* _WHAT YOU HAVE TO DO_
Return the following from the records below: each line, word for word, starting with the line that contains "随后校研究生会代表徐智韬宣读" and going on through the line that contains "(하남=국제뉴스) 김홍현 기자", with nothing outside that range.

* _RECORDS FOR THE EXERCISE_
== == ==
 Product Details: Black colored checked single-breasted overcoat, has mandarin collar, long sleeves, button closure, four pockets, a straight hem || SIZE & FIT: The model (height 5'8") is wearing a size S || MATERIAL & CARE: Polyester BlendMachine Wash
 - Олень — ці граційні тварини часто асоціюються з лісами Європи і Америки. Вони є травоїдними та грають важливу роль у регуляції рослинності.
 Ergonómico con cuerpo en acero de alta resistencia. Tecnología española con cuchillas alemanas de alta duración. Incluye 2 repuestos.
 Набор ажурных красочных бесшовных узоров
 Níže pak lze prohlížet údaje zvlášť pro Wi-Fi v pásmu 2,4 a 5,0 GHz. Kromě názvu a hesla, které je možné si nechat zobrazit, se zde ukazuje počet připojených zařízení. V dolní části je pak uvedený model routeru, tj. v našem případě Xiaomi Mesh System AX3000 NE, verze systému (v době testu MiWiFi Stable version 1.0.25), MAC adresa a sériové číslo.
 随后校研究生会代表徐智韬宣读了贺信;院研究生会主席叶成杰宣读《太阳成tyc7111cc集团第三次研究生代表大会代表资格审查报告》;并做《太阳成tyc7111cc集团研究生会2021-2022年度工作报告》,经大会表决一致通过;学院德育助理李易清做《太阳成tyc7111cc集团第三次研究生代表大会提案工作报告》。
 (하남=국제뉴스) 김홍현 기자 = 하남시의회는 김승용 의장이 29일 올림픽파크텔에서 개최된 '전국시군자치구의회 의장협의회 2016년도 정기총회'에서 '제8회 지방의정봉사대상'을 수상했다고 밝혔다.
== == ==
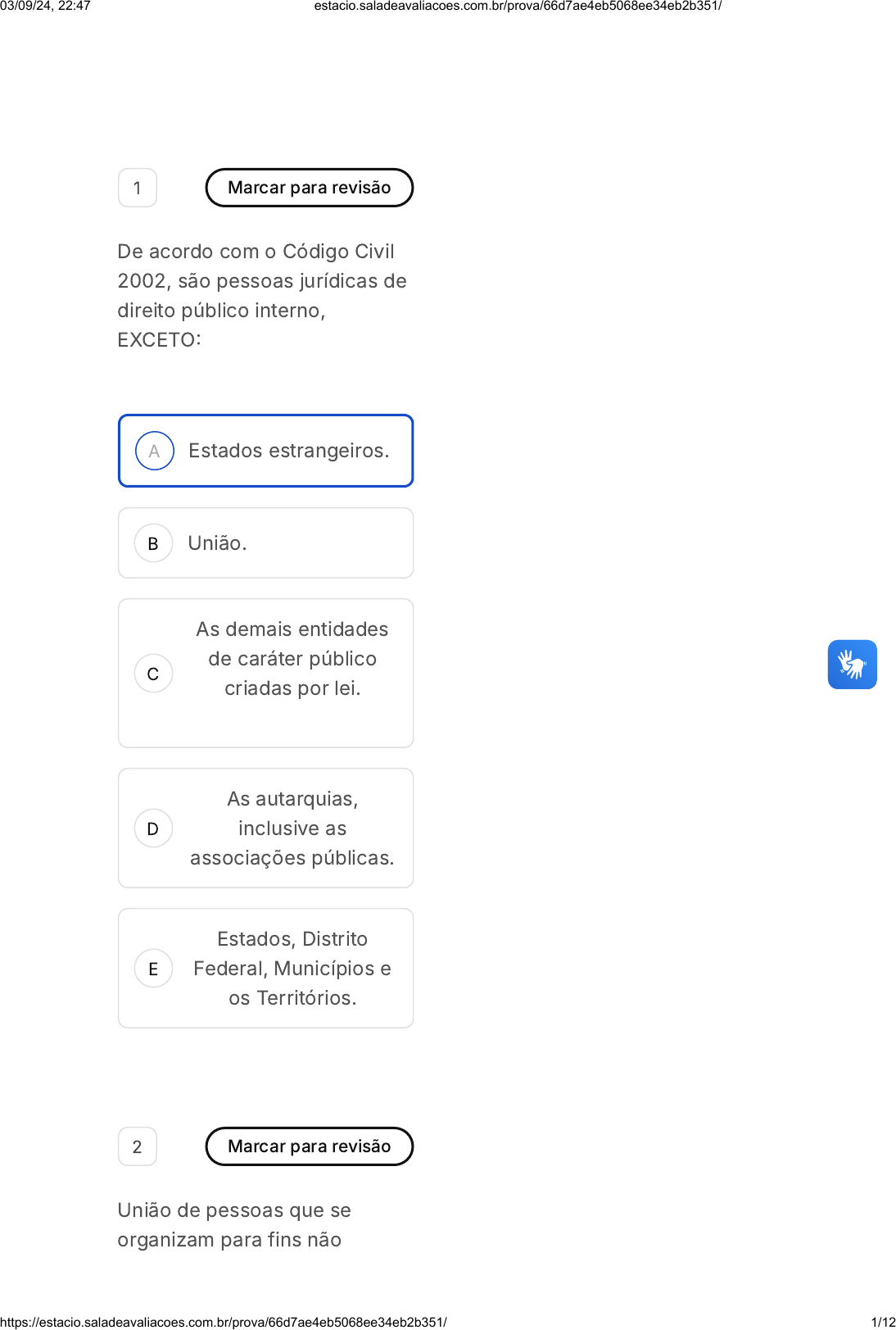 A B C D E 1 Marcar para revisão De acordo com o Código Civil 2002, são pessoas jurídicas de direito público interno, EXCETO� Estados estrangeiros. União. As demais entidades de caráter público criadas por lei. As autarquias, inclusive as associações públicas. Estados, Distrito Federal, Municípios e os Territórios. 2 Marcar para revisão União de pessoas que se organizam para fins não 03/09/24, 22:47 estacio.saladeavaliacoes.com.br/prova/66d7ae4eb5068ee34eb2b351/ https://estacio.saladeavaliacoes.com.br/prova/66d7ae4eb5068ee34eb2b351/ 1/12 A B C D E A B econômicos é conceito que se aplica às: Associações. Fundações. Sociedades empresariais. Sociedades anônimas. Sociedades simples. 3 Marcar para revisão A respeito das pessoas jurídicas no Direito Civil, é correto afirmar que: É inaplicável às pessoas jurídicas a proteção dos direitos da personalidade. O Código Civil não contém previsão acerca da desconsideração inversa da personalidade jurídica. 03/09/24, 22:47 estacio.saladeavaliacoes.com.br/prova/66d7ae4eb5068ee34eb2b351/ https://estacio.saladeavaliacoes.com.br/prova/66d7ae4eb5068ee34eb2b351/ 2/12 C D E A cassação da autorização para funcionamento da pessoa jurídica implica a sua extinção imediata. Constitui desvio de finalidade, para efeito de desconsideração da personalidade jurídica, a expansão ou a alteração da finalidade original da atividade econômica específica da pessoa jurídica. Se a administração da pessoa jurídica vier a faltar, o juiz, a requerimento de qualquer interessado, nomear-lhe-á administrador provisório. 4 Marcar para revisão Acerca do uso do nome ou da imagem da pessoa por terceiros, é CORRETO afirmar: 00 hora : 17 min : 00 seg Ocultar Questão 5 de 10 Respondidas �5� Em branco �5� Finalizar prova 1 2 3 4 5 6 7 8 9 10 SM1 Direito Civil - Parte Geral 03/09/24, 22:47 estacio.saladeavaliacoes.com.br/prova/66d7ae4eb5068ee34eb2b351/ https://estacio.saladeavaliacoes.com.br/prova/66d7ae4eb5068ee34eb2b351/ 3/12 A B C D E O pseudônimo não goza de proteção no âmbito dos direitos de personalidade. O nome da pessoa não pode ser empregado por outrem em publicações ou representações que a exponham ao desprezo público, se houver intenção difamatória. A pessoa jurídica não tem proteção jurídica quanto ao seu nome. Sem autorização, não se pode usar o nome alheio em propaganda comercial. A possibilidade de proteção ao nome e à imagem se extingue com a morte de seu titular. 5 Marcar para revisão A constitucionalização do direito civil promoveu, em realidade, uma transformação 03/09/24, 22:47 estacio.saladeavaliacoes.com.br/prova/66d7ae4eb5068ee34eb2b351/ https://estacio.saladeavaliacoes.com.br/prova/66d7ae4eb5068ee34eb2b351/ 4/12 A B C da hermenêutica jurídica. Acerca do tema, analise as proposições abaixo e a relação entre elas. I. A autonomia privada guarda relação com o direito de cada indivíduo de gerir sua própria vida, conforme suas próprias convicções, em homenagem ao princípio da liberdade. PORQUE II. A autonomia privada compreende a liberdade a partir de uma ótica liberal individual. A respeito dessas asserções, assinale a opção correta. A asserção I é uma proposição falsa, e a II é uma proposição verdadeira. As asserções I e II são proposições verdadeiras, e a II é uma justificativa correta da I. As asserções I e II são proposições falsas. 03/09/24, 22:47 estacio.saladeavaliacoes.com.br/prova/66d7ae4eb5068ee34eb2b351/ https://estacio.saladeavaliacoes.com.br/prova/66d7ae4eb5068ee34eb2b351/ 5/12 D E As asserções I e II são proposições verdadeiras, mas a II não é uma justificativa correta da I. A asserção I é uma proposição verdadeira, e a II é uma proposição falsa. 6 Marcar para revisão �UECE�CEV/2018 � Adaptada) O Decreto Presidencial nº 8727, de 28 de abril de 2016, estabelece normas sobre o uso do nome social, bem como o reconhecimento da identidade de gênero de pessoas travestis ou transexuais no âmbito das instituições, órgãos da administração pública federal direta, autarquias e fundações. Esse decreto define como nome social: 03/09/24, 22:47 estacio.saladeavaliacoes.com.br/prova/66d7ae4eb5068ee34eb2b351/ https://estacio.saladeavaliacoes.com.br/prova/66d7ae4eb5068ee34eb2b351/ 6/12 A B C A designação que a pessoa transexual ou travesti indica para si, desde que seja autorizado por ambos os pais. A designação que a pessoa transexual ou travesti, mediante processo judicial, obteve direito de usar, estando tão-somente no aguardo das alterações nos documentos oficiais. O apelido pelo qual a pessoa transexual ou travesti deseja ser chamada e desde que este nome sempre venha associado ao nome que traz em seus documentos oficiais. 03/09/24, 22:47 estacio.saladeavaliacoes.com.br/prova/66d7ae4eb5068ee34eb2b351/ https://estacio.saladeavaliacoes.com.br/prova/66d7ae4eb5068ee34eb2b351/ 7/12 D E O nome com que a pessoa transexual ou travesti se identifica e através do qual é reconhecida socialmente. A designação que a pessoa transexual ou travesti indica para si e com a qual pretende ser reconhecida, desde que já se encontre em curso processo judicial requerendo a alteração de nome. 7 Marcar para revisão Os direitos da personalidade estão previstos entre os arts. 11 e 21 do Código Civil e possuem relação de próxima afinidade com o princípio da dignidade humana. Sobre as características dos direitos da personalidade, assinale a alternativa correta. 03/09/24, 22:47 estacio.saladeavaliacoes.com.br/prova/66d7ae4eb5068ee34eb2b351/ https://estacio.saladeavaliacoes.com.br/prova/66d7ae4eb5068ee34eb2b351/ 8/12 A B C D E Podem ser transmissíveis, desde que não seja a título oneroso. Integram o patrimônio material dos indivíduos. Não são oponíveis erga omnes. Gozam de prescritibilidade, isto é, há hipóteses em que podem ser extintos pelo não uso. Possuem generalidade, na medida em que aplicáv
== == ==
* _REPLY_
 随后校研究生会代表徐智韬宣读了贺信;院研究生会主席叶成杰宣读《太阳成tyc7111cc集团第三次研究生代表大会代表资格审查报告》;并做《太阳成tyc7111cc集团研究生会2021-2022年度工作报告》,经大会表决一致通过;学院德育助理李易清做《太阳成tyc7111cc集团第三次研究生代表大会提案工作报告》。
 (하남=국제뉴스) 김홍현 기자 = 하남시의회는 김승용 의장이 29일 올림픽파크텔에서 개최된 '전국시군자치구의회 의장협의회 2016년도 정기총회'에서 '제8회 지방의정봉사대상'을 수상했다고 밝혔다.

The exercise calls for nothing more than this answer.